## WORK TO BE COMPLETED
Each line in the material below must be transcribed exactly; no picture belongs in the copy.

## INFORMATION
● ● ● ●

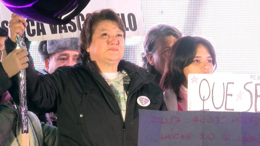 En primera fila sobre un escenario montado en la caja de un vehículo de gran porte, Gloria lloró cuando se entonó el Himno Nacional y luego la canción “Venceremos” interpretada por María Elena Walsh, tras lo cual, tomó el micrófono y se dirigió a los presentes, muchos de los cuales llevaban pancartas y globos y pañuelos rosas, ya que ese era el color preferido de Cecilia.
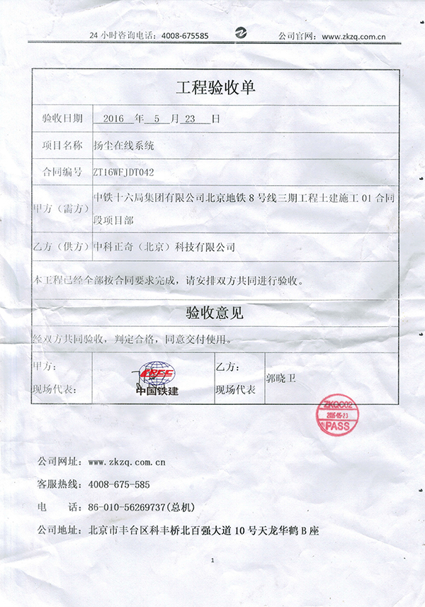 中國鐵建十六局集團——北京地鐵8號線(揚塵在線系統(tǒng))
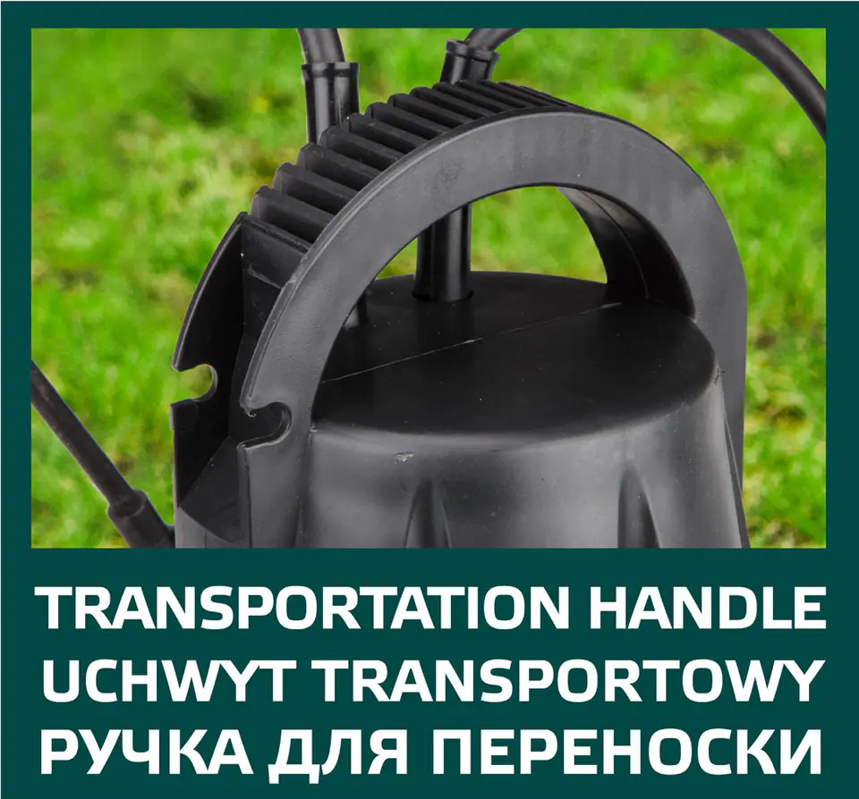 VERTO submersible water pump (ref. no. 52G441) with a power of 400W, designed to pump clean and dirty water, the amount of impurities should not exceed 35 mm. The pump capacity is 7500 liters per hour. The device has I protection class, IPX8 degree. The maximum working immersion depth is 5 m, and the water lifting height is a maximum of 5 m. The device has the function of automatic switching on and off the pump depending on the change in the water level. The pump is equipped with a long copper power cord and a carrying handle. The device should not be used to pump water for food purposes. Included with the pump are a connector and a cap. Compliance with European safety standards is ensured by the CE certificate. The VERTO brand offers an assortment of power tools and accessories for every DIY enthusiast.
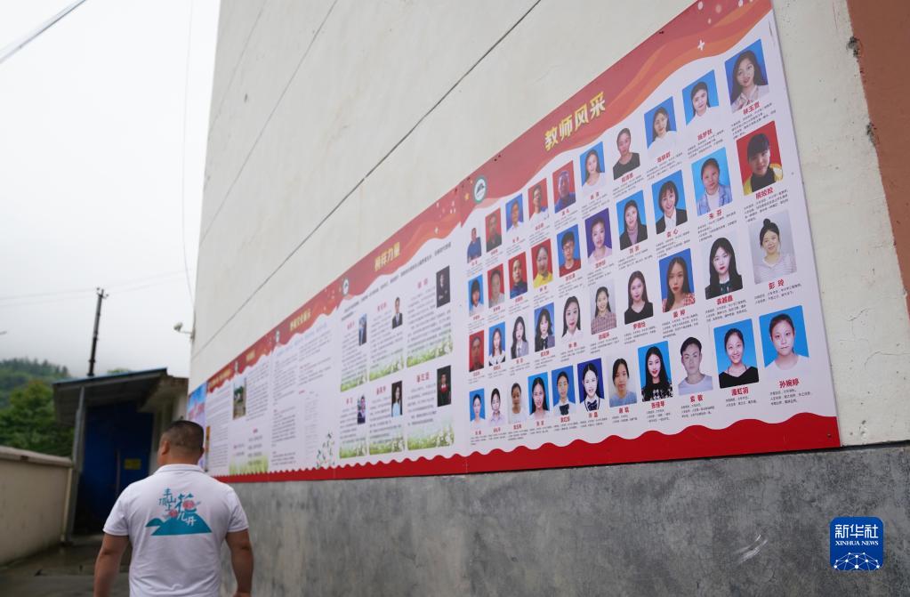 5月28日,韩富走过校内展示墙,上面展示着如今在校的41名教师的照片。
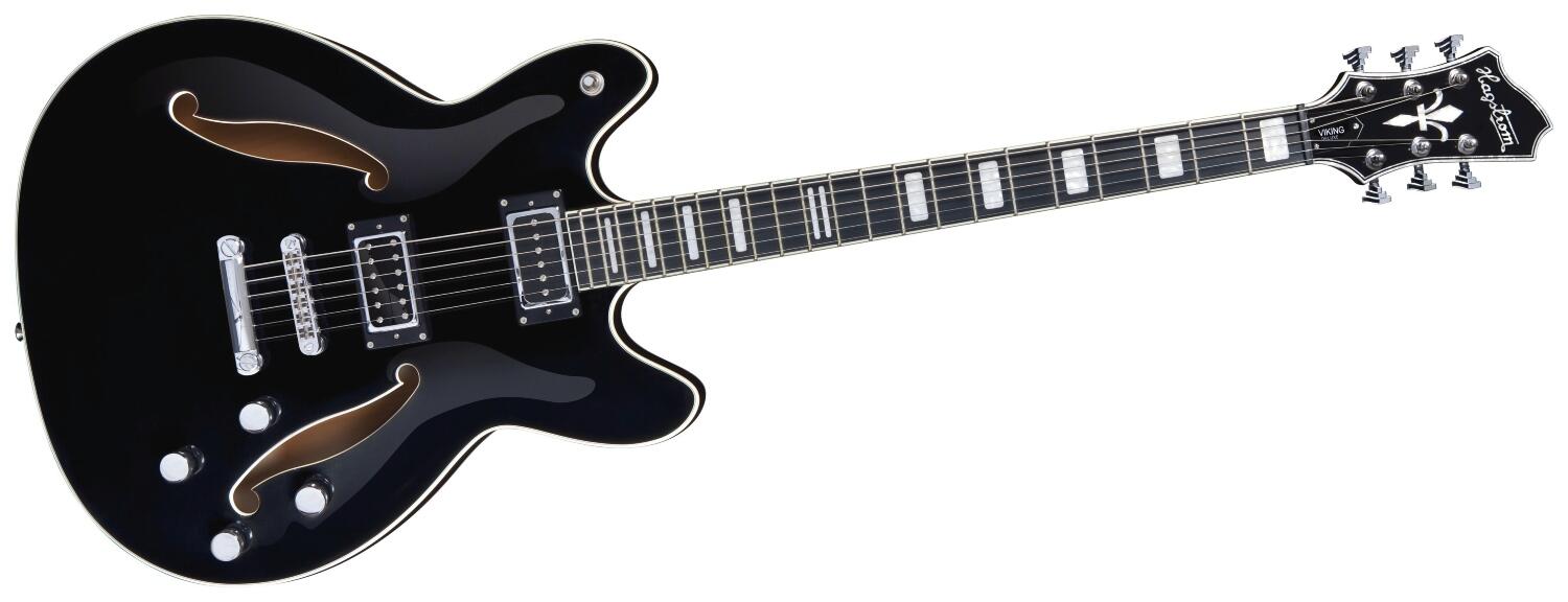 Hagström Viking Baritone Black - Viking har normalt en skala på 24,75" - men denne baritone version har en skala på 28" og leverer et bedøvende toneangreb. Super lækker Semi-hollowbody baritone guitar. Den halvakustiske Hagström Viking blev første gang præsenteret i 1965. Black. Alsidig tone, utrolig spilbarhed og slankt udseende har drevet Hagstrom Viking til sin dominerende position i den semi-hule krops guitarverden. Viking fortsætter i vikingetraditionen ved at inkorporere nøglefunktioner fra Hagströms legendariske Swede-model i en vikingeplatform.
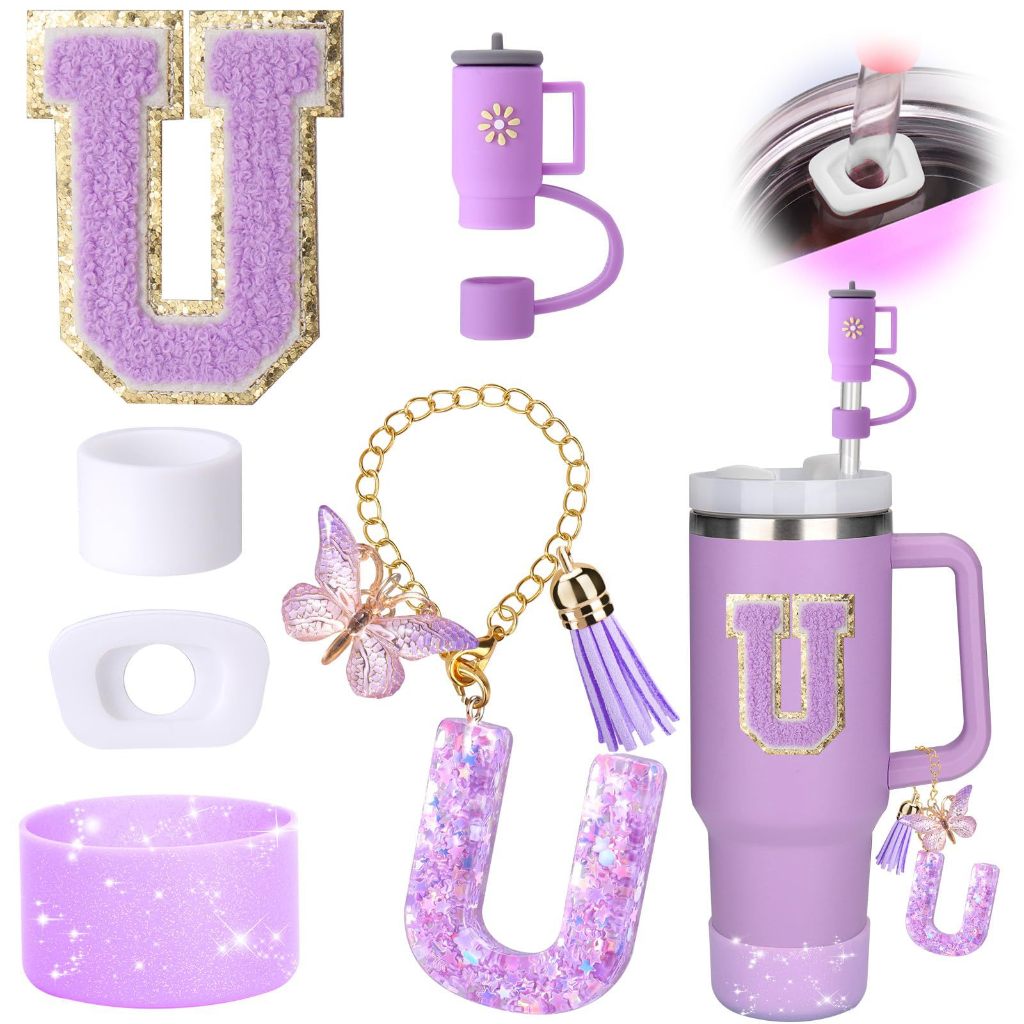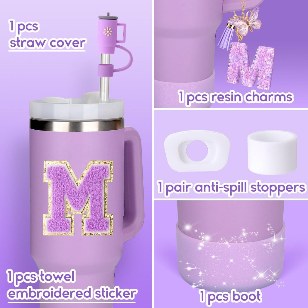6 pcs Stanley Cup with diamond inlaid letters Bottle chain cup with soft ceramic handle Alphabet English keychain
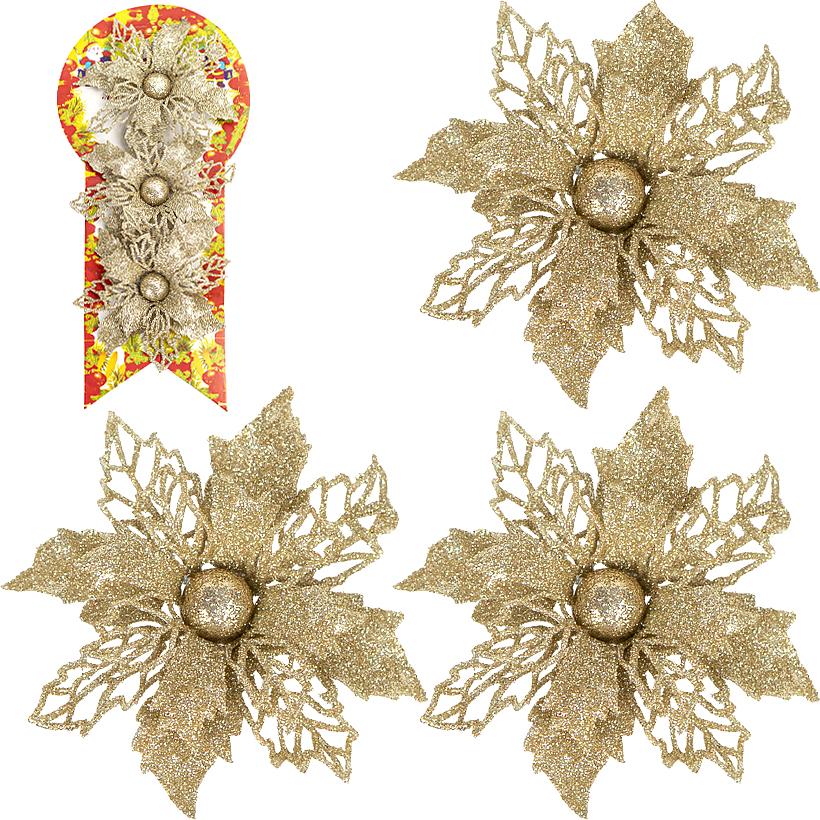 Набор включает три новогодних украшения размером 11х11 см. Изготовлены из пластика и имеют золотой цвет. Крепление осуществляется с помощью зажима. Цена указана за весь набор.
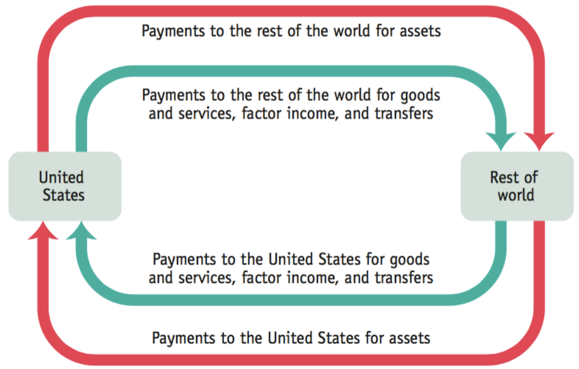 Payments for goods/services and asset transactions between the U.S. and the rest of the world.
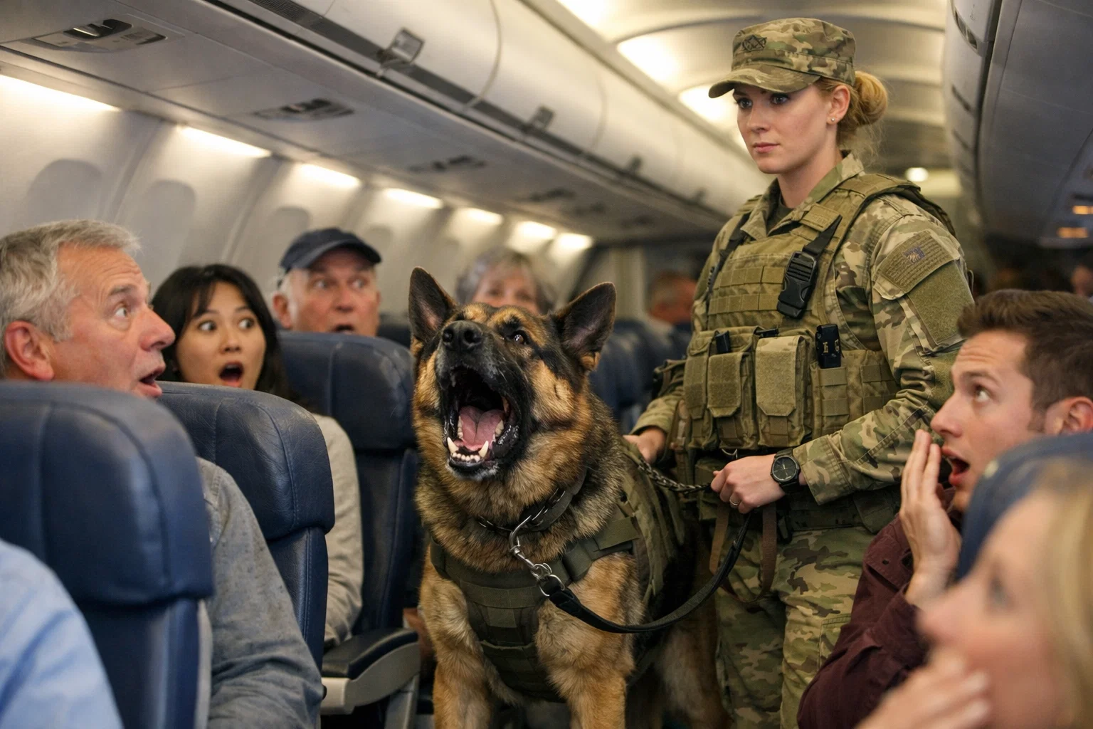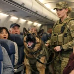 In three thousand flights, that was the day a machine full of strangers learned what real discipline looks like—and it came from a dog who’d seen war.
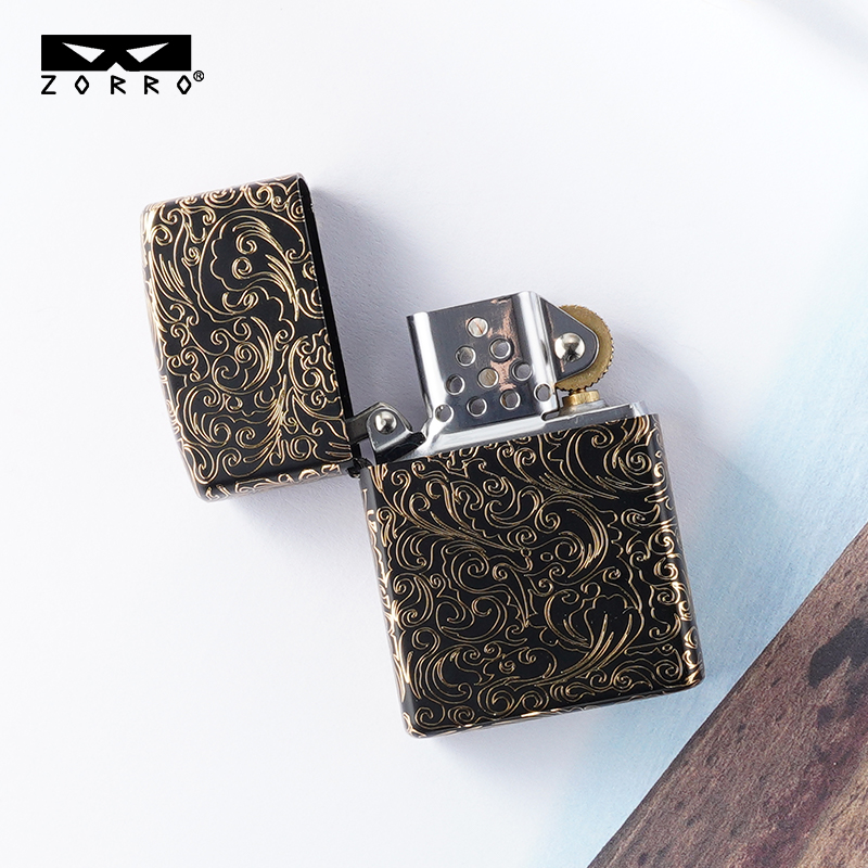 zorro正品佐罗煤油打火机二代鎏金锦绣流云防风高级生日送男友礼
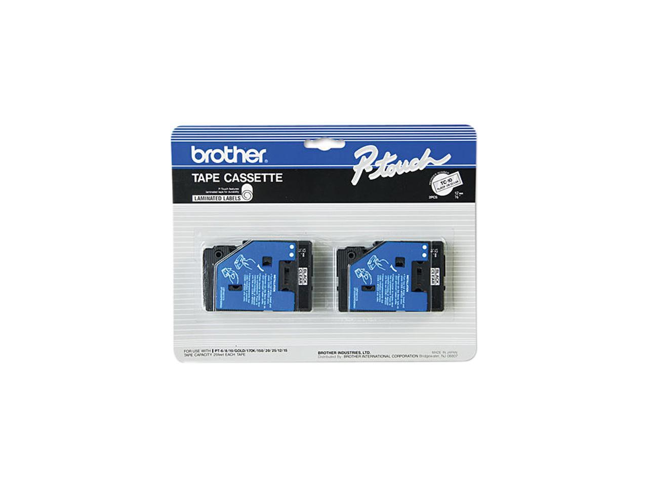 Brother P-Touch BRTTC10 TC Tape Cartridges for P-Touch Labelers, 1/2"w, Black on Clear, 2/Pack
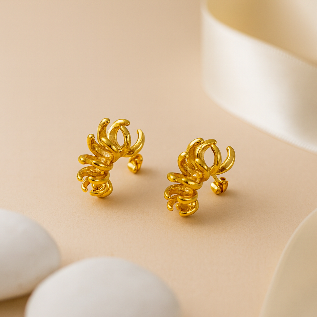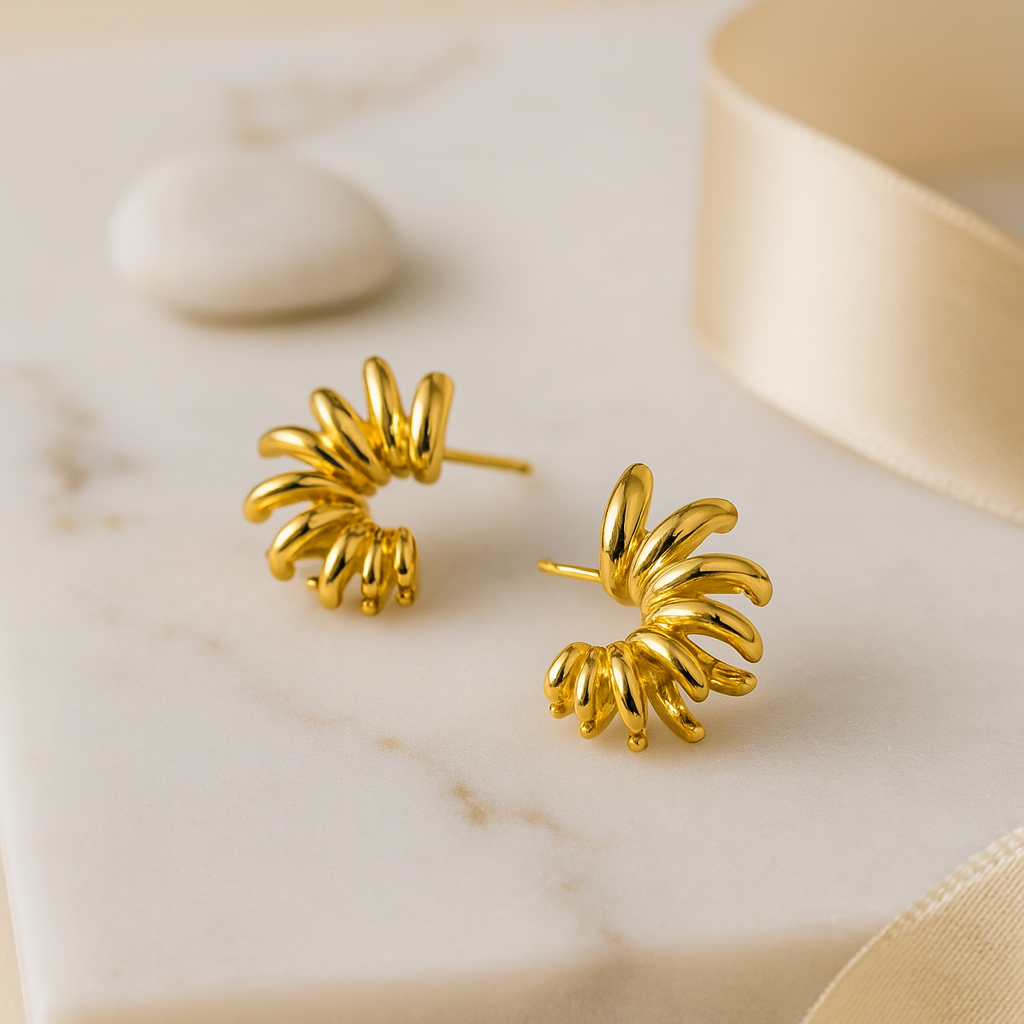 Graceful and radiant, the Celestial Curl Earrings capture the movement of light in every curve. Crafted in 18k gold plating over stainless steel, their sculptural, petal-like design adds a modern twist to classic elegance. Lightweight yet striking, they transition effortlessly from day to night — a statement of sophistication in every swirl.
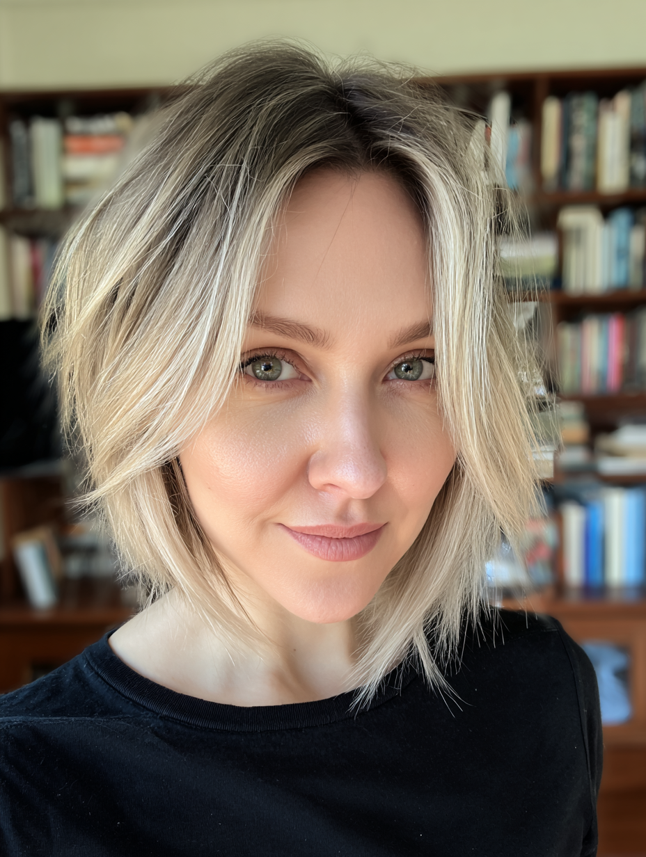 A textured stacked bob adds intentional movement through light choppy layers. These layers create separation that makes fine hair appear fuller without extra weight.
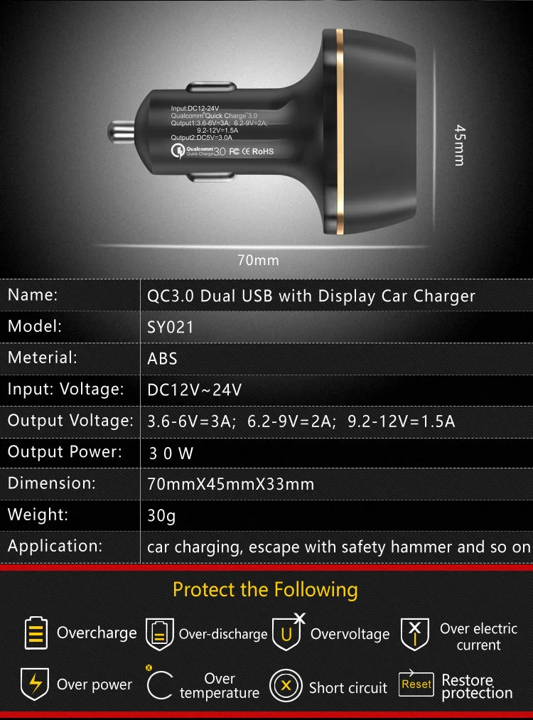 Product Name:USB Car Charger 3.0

● ● ● ●

## SOLVED PROBLEM
 En primera fila sobre un escenario montado en la caja de un vehículo de gran porte, Gloria lloró cuando se entonó el Himno Nacional y luego la canción “Venceremos” interpretada por María Elena Walsh, tras lo cual, tomó el micrófono y se dirigió a los presentes, muchos de los cuales llevaban pancartas y globos y pañuelos rosas, ya que ese era el color preferido de Cecilia.
 中國鐵建十六局集團——北京地鐵8號線(揚塵在線系統(tǒng))
 VERTO submersible water pump (ref. no. 52G441) with a power of 400W, designed to pump clean and dirty water, the amount of impurities should not exceed 35 mm. The pump capacity is 7500 liters per hour. The device has I protection class, IPX8 degree. The maximum working immersion depth is 5 m, and the water lifting height is a maximum of 5 m. The device has the function of automatic switching on and off the pump depending on the change in the water level. The pump is equipped with a long copper power cord and a carrying handle. The device should not be used to pump water for food purposes. Included with the pump are a connector and a cap. Compliance with European safety standards is ensured by the CE certificate. The VERTO brand offers an assortment of power tools and accessories for every DIY enthusiast.
 5月28日,韩富走过校内展示墙,上面展示着如今在校的41名教师的照片。
 Hagström Viking Baritone Black - Viking har normalt en skala på 24,75" - men denne baritone version har en skala på 28" og leverer et bedøvende toneangreb. Super lækker Semi-hollowbody baritone guitar. Den halvakustiske Hagström Viking blev første gang præsenteret i 1965. Black. Alsidig tone, utrolig spilbarhed og slankt udseende har drevet Hagstrom Viking til sin dominerende position i den semi-hule krops guitarverden. Viking fortsætter i vikingetraditionen ved at inkorporere nøglefunktioner fra Hagströms legendariske Swede-model i en vikingeplatform.
6 pcs Stanley Cup with diamond inlaid letters Bottle chain cup with soft ceramic handle Alphabet English keychain
 Набор включает три новогодних украшения размером 11х11 см. Изготовлены из пластика и имеют золотой цвет. Крепление осуществляется с помощью зажима. Цена указана за весь набор.
 Payments for goods/services and asset transactions between the U.S. and the rest of the world.
 In three thousand flights, that was the day a machine full of strangers learned what real discipline looks like—and it came from a dog who’d seen war.
 zorro正品佐罗煤油打火机二代鎏金锦绣流云防风高级生日送男友礼
 Brother P-Touch BRTTC10 TC Tape Cartridges for P-Touch Labelers, 1/2"w, Black on Clear, 2/Pack
 Graceful and radiant, the Celestial Curl Earrings capture the movement of light in every curve. Crafted in 18k gold plating over stainless steel, their sculptural, petal-like design adds a modern twist to classic elegance. Lightweight yet striking, they transition effortlessly from day to night — a statement of sophistication in every swirl.
 A textured stacked bob adds intentional movement through light choppy layers. These layers create separation that makes fine hair appear fuller without extra weight.
 Product Name:USB Car Charger 3.0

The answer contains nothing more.